Good luck and no matter what you go with, you will be happy...


----------



## Random Orbits (Apr 12, 2012)

RAKAMRAK said:


> From your two posts these are the points that i discerned:
> 1. You have a budget of around 4000US$
> 2. You shoot landscape and frame fitting object photos (headshot, macro etc all come in this group).
> 3. Not tied to EF-S due to investment in lenses.
> ...



+1. 5DII center AF is better than your Rebel and works fine for moving targets. Use mine for taking pictures of running kids and its not a problem. If you're OK with your Rebel's AF and FPS, then the 5DII should be good enough while delivering much better IQ and allowing you to shoot at higher ISOs for low light and moving objects. Getting the 16-35L II would also give you more options for landscape. It is much wider than your current kit with a crop body.


----------



## PhotoBadger (Apr 12, 2012)

I was in much the same boat about a year ago - upgrading from 400D with some L glass. I mulled it over for ages and ultimately went for the 7D - the combination of price, AF and reach (I do fair bit of sport / event stuff) swinging me away from the 5DmkII.
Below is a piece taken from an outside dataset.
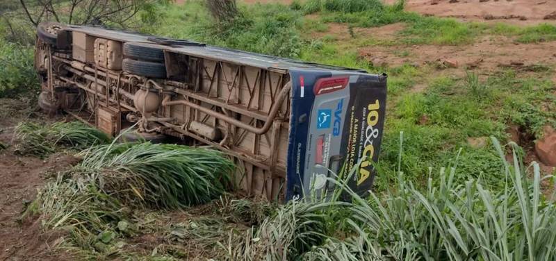 Por Thaciane MendesO condutor do veículo tentou desviar de uma carreta que estava parada na pista, não conseguiu e acabou derrubando o coletivo em uma ribanceira

I love my 7D and no matter what gripes you hear about ISO & IQ, it's a zillion times better than the 400D gave me. 

BUT, and here's the killer, I'm still kind of kicking myself for not going full frame. From all you've said about what you shoot, the 5DmkII sounds ideal - especially if it leaves budget for more lenses. Maybe I'm odd but I found a new body wasn't nearly as exciting as a new lens.
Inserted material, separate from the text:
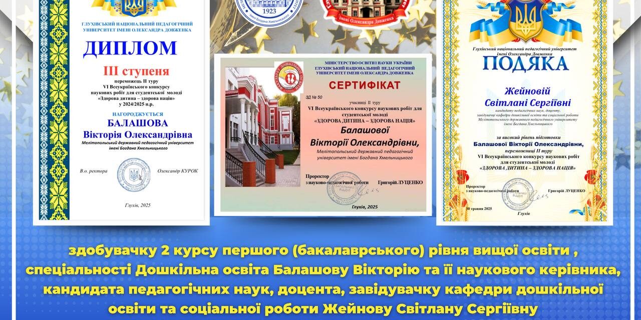 👩🏻🎓👏🏻 Колектив Мелітопольського державного педагогічного університету імені Богдана Хмельницького щиро вітає Балашову Вікторію – здобувачку 2 курсу першого (бакалаврського) рівня вищої освіти спеціальності “Дошкільна освіта” факультету соціально-педагогічної та мистецької освіти – з вагомим науковим досягненням!

That said, and with all respect to your 350, whatever you get is likely to make you go Wooo! Enjoy it.


----------



## AJ (Apr 12, 2012)

Another vote for 5D2


----------



## Aglet (Apr 12, 2012)

RAKAMRAK said:


> -clip-
> 
> So, you do not need the AF of 7D/1DX/5DIII.
> 
> ...



+1

5D2 is likely your better option

60D is worth considering too if you stay APS-C

7D is not a great landscape camera IMO (don't get me started) but is decent for action work or anything else if you don't expect to push shadows up. OTOH, it seems to meter a little low so you might get away with ETTR a bit more with it. 5D2 walks all over it for landscape IQ IMO.

I used a 350D for a year+, great little camera, very decent IQ. Could push its raw files quite a bit before they got ugly. Even used one on a wedding job a few years ago, all keepers. Could pixel-peep all I wanted and it still looked good. Would've kept it but sold everything that didn't provide live-view and dust-mapping.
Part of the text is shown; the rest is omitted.